START SOURCE MATERIAL
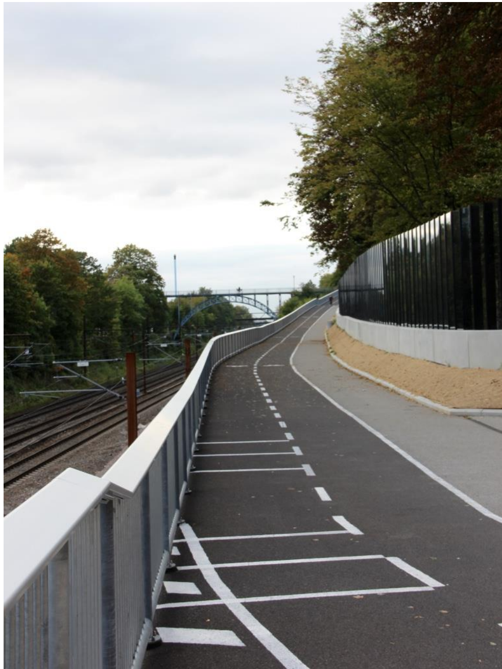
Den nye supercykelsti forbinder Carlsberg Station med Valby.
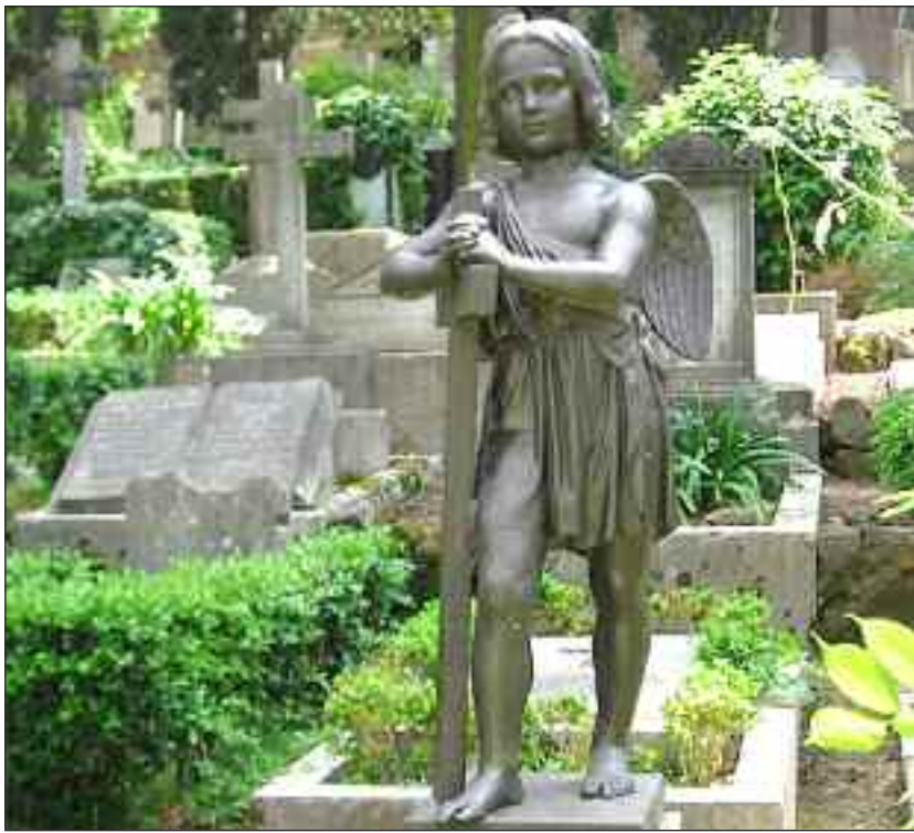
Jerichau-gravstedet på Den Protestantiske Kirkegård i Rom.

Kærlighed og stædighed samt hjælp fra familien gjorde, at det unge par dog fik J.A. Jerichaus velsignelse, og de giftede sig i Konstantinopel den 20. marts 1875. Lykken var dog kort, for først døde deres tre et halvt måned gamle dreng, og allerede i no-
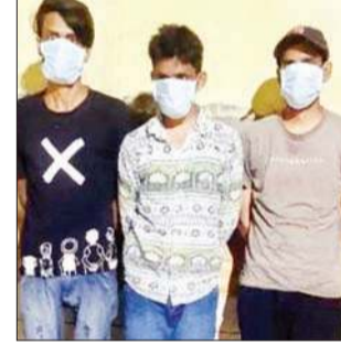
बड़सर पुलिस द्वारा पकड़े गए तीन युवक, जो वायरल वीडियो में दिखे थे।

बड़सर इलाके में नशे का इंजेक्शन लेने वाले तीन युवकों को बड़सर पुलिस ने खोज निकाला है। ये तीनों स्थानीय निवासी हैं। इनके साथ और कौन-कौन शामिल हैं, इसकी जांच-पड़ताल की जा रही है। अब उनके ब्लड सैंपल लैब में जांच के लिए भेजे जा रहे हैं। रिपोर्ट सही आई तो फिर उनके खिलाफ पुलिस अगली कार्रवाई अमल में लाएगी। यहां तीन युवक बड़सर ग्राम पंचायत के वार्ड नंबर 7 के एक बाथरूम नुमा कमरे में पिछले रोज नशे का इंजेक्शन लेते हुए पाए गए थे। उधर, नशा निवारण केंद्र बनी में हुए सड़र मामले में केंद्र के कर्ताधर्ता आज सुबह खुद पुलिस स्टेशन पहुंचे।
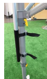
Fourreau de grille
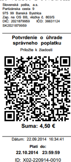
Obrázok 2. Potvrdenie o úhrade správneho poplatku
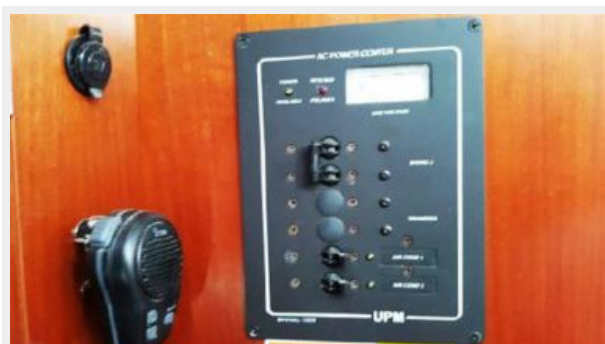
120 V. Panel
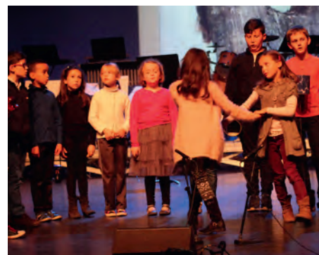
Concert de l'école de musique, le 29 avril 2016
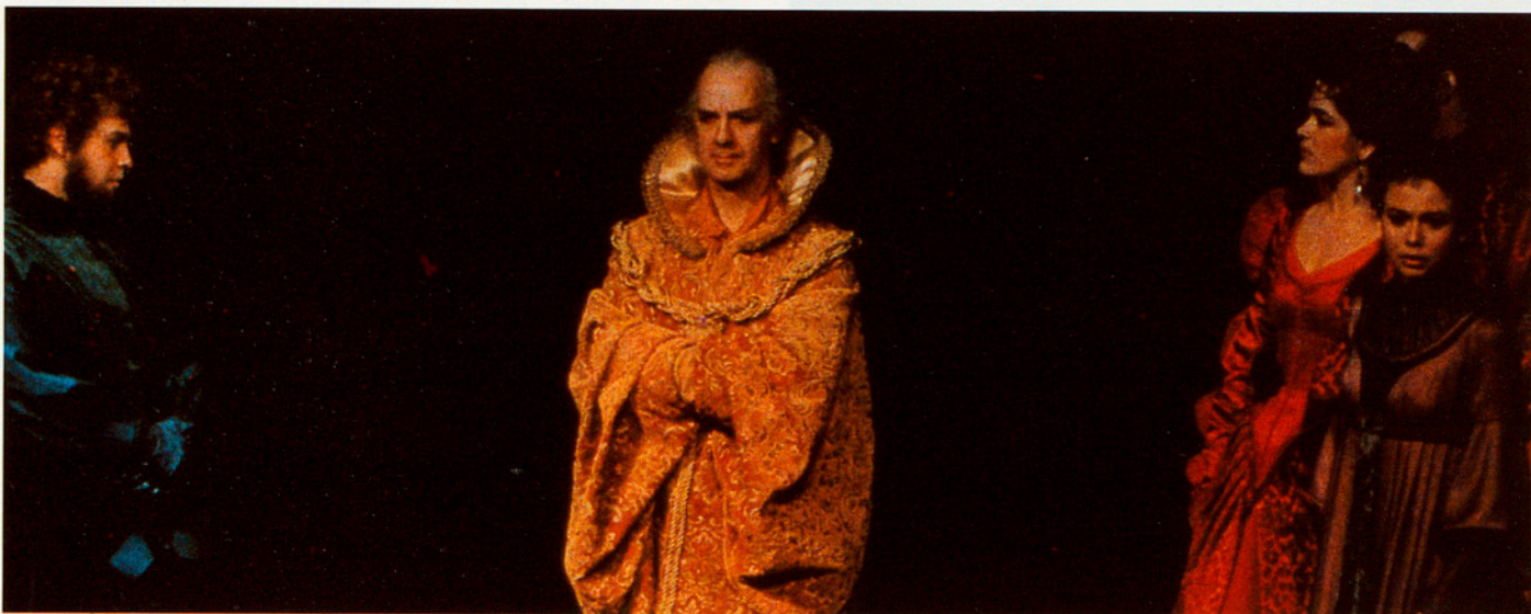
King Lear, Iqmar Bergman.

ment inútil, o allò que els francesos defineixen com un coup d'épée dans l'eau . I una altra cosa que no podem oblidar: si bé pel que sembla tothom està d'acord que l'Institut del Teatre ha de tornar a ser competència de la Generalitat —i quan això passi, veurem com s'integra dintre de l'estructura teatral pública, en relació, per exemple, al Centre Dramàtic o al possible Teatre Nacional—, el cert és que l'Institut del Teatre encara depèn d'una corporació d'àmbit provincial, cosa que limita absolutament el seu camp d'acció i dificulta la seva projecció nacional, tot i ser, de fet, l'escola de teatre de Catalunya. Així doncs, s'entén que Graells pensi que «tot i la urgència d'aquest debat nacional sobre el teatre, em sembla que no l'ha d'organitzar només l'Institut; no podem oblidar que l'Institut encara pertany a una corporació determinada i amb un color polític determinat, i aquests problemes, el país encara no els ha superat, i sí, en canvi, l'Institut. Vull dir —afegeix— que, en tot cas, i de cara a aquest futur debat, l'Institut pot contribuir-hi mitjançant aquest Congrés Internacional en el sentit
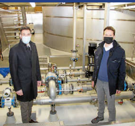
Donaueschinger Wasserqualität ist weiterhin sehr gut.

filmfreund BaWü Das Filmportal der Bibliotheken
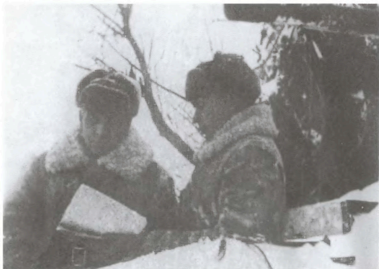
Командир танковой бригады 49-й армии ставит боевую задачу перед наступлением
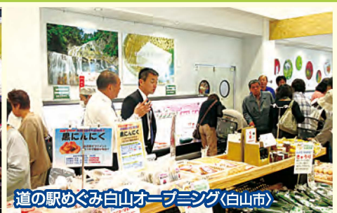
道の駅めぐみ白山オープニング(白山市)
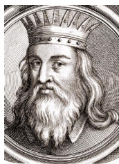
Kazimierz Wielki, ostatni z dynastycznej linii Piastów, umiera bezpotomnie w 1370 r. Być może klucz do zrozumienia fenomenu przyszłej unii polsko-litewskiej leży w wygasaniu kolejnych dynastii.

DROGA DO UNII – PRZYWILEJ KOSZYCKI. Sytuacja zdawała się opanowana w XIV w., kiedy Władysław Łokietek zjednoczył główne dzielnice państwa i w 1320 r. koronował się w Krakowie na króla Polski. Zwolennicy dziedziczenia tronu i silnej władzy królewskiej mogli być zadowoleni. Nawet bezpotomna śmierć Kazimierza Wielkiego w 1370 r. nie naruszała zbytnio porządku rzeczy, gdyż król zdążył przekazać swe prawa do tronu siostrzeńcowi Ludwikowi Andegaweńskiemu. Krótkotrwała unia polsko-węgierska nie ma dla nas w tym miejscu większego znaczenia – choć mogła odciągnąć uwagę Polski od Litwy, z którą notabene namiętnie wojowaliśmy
END SOURCE MATERIAL
→ **TO DO**
The output is the stretch above from the line with "Fourreau de grille" through the line with "King Lear, Iqmar Bergman.", copied word for word with both ends kept and every picture dropped.

→ **SOLUTION**
Fourreau de grille
Obrázok 2. Potvrdenie o úhrade správneho poplatku
120 V. Panel
Concert de l'école de musique, le 29 avril 2016
King Lear, Iqmar Bergman.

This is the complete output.